◆ Working data ◆
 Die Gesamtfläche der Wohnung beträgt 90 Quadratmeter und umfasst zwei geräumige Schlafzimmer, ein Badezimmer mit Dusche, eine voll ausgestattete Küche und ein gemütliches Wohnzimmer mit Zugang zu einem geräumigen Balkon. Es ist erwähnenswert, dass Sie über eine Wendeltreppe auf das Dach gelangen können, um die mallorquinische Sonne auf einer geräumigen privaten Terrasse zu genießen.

--

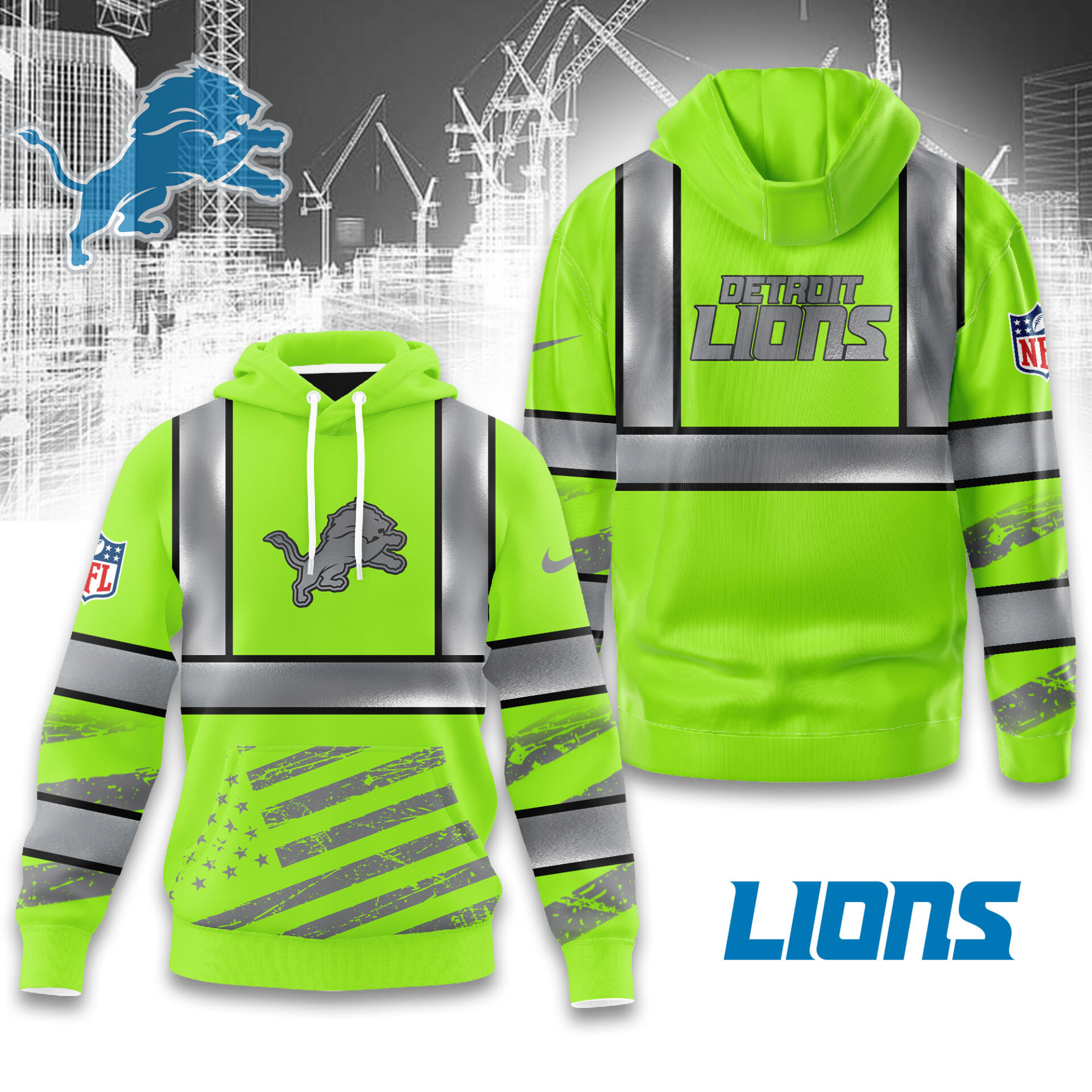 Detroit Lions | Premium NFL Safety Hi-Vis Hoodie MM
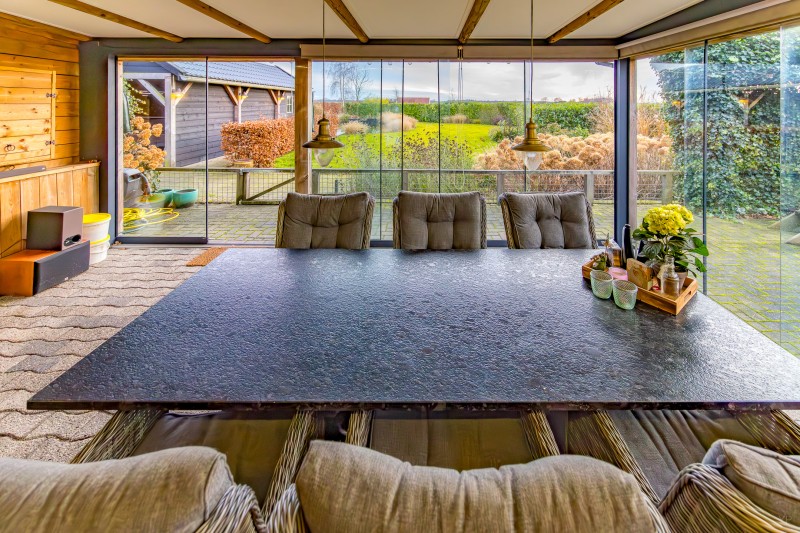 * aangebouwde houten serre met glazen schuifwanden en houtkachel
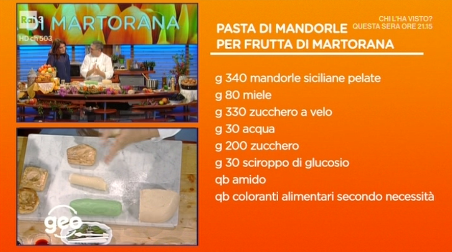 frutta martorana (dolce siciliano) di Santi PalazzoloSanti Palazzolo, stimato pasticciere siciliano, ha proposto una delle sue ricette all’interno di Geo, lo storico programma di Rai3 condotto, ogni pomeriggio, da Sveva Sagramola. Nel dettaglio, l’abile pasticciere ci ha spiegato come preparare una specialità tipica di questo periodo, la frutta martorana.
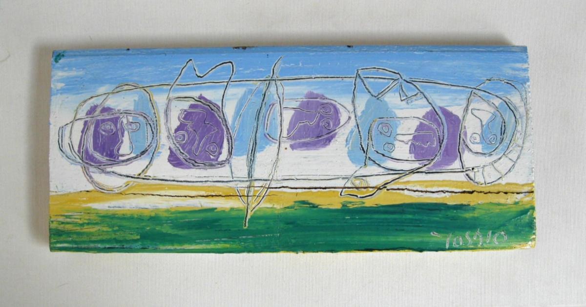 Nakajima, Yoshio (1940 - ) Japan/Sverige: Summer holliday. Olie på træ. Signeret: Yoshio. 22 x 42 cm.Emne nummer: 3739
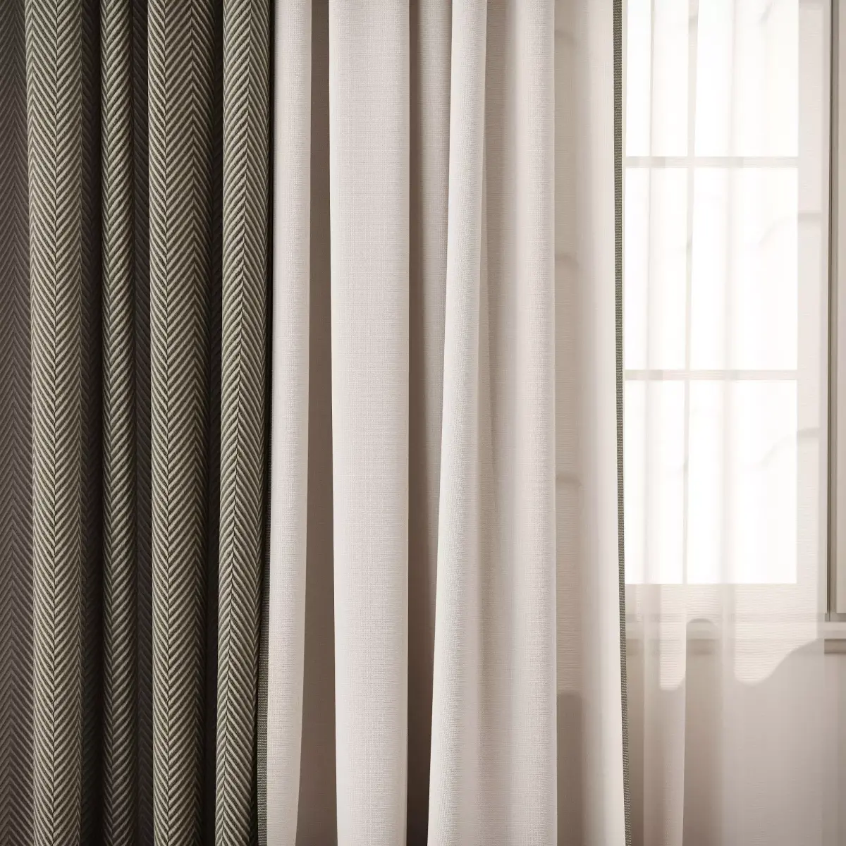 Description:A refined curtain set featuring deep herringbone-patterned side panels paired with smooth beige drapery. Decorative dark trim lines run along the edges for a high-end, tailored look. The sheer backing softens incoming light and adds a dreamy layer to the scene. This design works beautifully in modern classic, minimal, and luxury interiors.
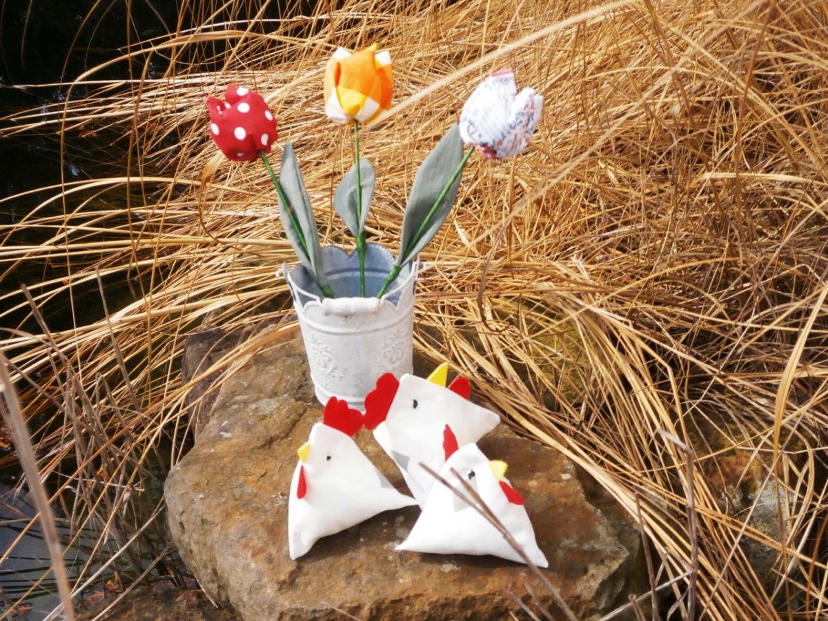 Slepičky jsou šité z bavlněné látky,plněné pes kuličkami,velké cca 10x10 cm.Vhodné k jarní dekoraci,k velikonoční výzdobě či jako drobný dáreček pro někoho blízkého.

◆ What to work on ◆
What belongs in the answer is each line above from the line with "schuifwanden en houtkachel" to the line with "Slepičky jsou šité", inclusive, reproduced exactly and free of pictures.

◆ Result below ◆
 * aangebouwde houten serre met glazen schuifwanden en houtkachel
 frutta martorana (dolce siciliano) di Santi PalazzoloSanti Palazzolo, stimato pasticciere siciliano, ha proposto una delle sue ricette all’interno di Geo, lo storico programma di Rai3 condotto, ogni pomeriggio, da Sveva Sagramola. Nel dettaglio, l’abile pasticciere ci ha spiegato come preparare una specialità tipica di questo periodo, la frutta martorana.
 Nakajima, Yoshio (1940 - ) Japan/Sverige: Summer holliday. Olie på træ. Signeret: Yoshio. 22 x 42 cm.Emne nummer: 3739
 Description:A refined curtain set featuring deep herringbone-patterned side panels paired with smooth beige drapery. Decorative dark trim lines run along the edges for a high-end, tailored look. The sheer backing softens incoming light and adds a dreamy layer to the scene. This design works beautifully in modern classic, minimal, and luxury interiors.
 Slepičky jsou šité z bavlněné látky,plněné pes kuličkami,velké cca 10x10 cm.Vhodné k jarní dekoraci,k velikonoční výzdobě či jako drobný dáreček pro někoho blízkého.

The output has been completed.